§ **INPUT FOR THIS TASK**:
◇ ◇ ◇ ◇ ◇

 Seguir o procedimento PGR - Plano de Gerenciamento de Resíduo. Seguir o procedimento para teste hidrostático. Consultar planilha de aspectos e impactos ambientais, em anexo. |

◇ ◇ ◇ ◇ ◇

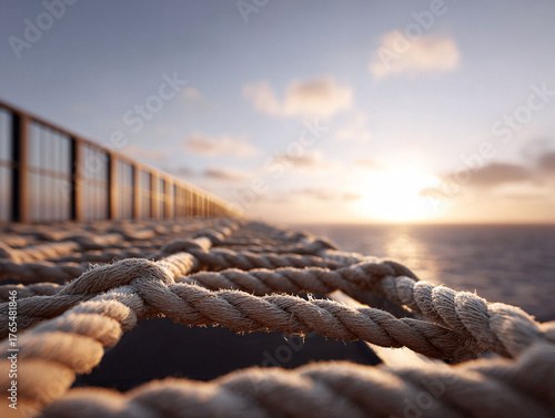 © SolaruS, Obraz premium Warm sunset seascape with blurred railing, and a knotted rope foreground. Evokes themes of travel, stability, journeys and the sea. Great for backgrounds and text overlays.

◇ ◇ ◇ ◇ ◇

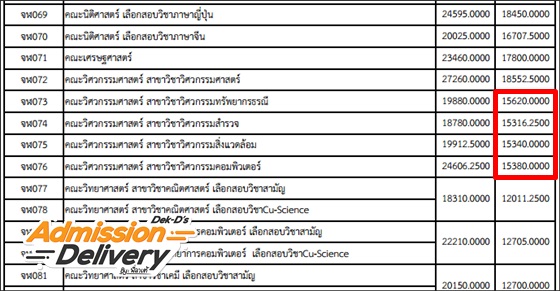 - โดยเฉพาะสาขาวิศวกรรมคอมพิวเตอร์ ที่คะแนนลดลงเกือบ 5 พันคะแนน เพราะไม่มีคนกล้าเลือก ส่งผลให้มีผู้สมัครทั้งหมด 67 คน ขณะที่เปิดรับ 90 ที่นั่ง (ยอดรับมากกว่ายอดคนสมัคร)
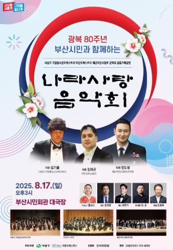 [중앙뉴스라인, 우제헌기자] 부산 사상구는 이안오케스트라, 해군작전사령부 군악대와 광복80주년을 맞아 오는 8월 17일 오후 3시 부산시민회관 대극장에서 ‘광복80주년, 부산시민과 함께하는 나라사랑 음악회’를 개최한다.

◇ ◇ ◇ ◇ ◇

§ **TASK REQUIREMENTS**:
In the records above, everything from the line with "- โดยเฉพาะสาขาวิศวกรรมคอมพิวเตอร์ ที่คะแนนลดลงเกือบ" down to the line with "[중앙뉴스라인, 우제헌기자] 부산" is to be set down exactly, both ends included, with no pictures and no other lines.

§ **OUTPUT**:
 - โดยเฉพาะสาขาวิศวกรรมคอมพิวเตอร์ ที่คะแนนลดลงเกือบ 5 พันคะแนน เพราะไม่มีคนกล้าเลือก ส่งผลให้มีผู้สมัครทั้งหมด 67 คน ขณะที่เปิดรับ 90 ที่นั่ง (ยอดรับมากกว่ายอดคนสมัคร)
 [중앙뉴스라인, 우제헌기자] 부산 사상구는 이안오케스트라, 해군작전사령부 군악대와 광복80주년을 맞아 오는 8월 17일 오후 3시 부산시민회관 대극장에서 ‘광복80주년, 부산시민과 함께하는 나라사랑 음악회’를 개최한다.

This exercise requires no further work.